Given information:
=== Begin Enclosure ===

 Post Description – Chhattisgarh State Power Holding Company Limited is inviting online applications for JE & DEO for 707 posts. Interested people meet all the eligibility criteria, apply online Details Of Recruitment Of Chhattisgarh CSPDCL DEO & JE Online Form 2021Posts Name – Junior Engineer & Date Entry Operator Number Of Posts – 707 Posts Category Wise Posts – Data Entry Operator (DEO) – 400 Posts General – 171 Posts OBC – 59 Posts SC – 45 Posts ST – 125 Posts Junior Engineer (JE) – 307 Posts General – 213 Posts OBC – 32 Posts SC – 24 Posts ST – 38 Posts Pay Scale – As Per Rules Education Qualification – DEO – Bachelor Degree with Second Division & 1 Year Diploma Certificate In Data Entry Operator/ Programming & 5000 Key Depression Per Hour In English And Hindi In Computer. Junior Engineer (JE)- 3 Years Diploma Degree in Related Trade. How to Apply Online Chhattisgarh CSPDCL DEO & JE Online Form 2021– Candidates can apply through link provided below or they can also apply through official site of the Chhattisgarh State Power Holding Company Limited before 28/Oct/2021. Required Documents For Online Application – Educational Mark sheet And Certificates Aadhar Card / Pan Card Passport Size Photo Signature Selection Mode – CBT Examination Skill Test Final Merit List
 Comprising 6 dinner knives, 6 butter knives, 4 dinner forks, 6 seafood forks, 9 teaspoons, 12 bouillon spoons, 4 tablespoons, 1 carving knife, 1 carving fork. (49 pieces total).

=== End Enclosure ===
=== Begin Enclosure ===

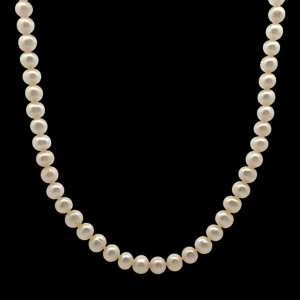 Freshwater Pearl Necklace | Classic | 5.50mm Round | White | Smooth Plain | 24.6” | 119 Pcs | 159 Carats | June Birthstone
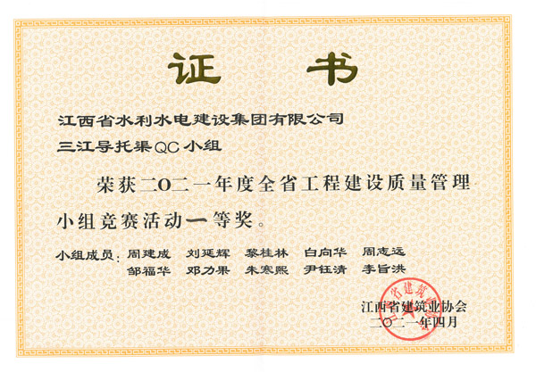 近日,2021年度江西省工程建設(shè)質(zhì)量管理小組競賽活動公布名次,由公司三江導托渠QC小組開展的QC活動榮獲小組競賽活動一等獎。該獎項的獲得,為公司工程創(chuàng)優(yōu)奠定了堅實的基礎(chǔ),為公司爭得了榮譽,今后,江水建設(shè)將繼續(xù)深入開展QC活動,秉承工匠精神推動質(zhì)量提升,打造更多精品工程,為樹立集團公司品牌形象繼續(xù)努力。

=== End Enclosure ===

Task requirements: Pictures excluded, reproduce only the part above that opens with the line holding "Freshwater Pearl Necklace" and closes with the line holding "近日,2021年度江西省工程", exactly as written.

Your solution:
 Freshwater Pearl Necklace | Classic | 5.50mm Round | White | Smooth Plain | 24.6” | 119 Pcs | 159 Carats | June Birthstone
 近日,2021年度江西省工程建設(shè)質(zhì)量管理小組競賽活動公布名次,由公司三江導托渠QC小組開展的QC活動榮獲小組競賽活動一等獎。該獎項的獲得,為公司工程創(chuàng)優(yōu)奠定了堅實的基礎(chǔ),為公司爭得了榮譽,今后,江水建設(shè)將繼續(xù)深入開展QC活動,秉承工匠精神推動質(zhì)量提升,打造更多精品工程,為樹立集團公司品牌形象繼續(xù)努力。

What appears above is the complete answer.